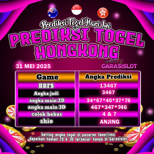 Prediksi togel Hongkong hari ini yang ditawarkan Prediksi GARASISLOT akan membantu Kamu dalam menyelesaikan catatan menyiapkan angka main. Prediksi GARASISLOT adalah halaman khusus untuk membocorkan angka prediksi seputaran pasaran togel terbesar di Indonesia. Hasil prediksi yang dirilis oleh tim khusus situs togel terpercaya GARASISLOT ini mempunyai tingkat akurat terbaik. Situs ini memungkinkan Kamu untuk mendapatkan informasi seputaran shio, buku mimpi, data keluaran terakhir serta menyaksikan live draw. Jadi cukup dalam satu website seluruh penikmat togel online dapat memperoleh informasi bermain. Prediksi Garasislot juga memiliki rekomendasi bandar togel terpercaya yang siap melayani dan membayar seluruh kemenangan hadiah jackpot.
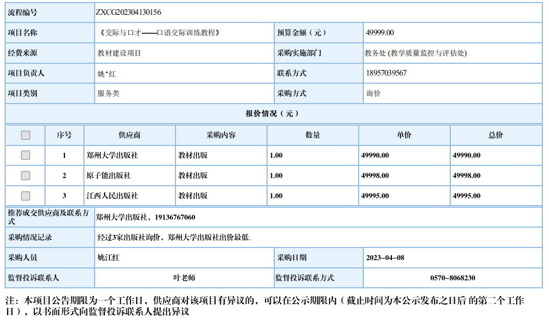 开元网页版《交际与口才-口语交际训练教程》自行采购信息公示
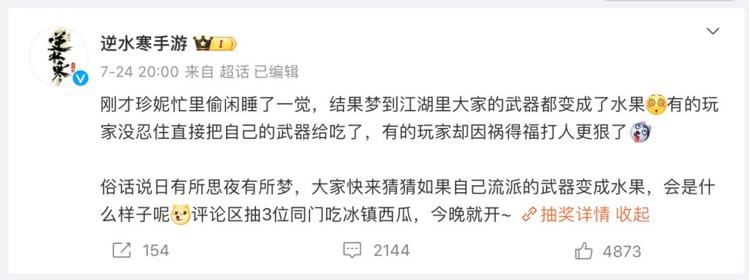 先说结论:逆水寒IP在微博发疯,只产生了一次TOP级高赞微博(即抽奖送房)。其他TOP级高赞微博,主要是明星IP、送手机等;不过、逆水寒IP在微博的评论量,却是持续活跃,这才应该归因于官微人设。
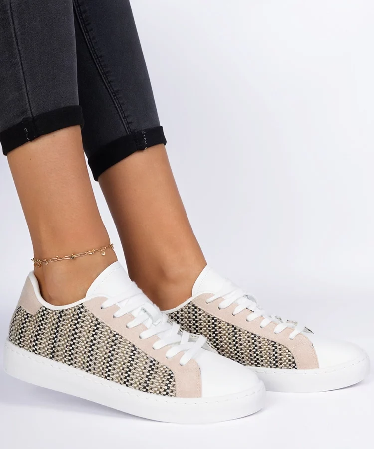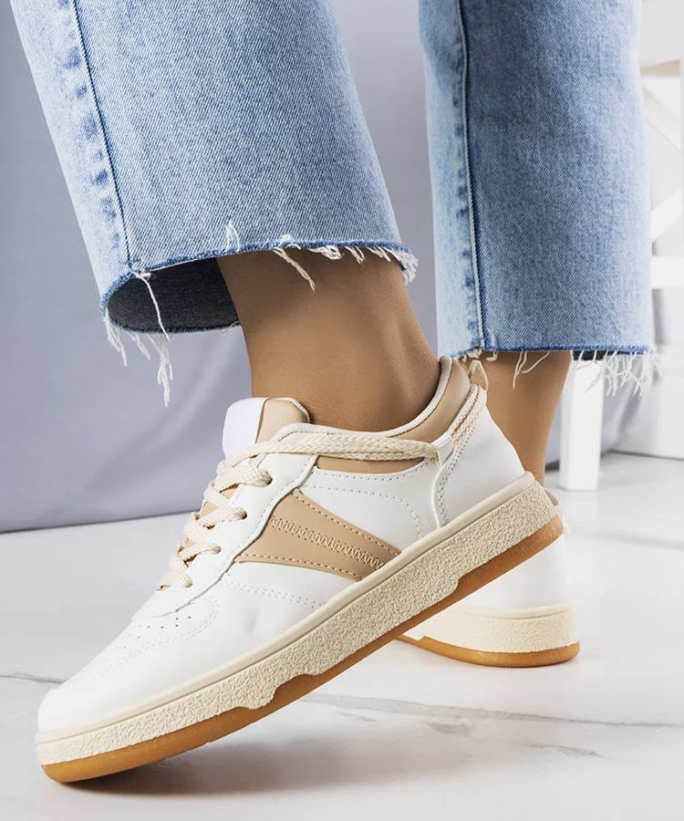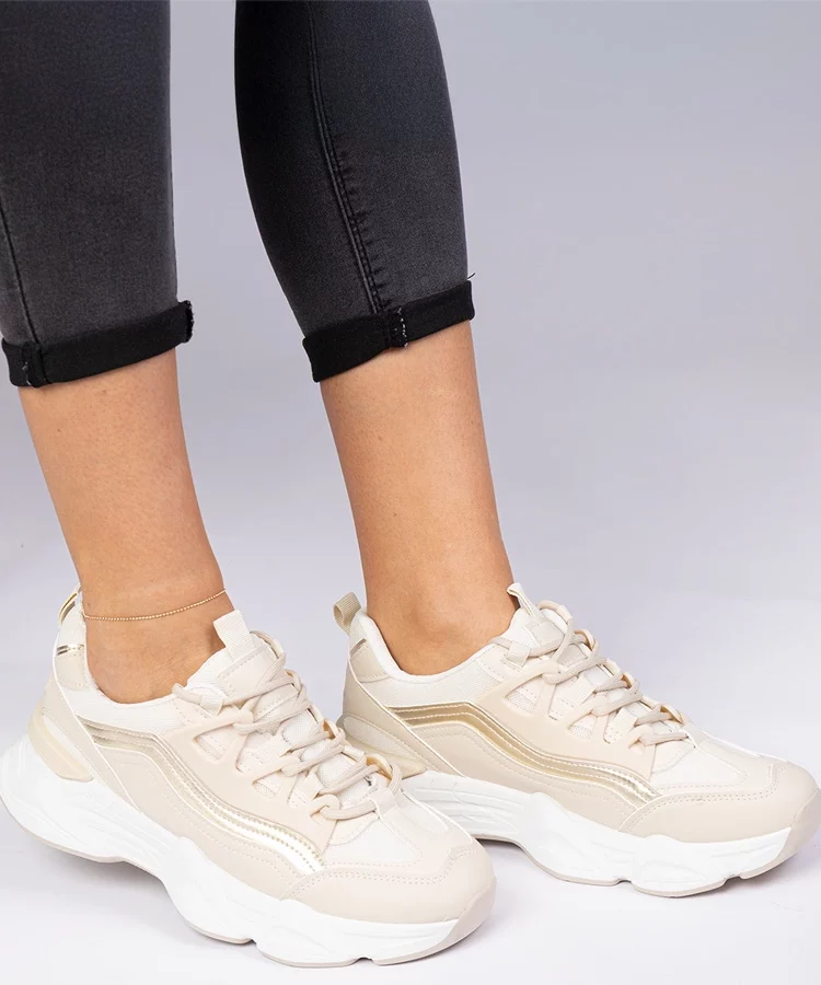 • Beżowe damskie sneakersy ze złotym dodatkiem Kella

Activity: Word for word, retype the lines from the one that contains "开元网页版《交际与口才-口语交际训练教程》自行采购信息公示" through the final line of the data, both ends included, excluding pictures.

Solution to this exercise:
 开元网页版《交际与口才-口语交际训练教程》自行采购信息公示
 先说结论:逆水寒IP在微博发疯,只产生了一次TOP级高赞微博(即抽奖送房)。其他TOP级高赞微博,主要是明星IP、送手机等;不过、逆水寒IP在微博的评论量,却是持续活跃,这才应该归因于官微人设。
 • Beżowe damskie sneakersy ze złotym dodatkiem Kella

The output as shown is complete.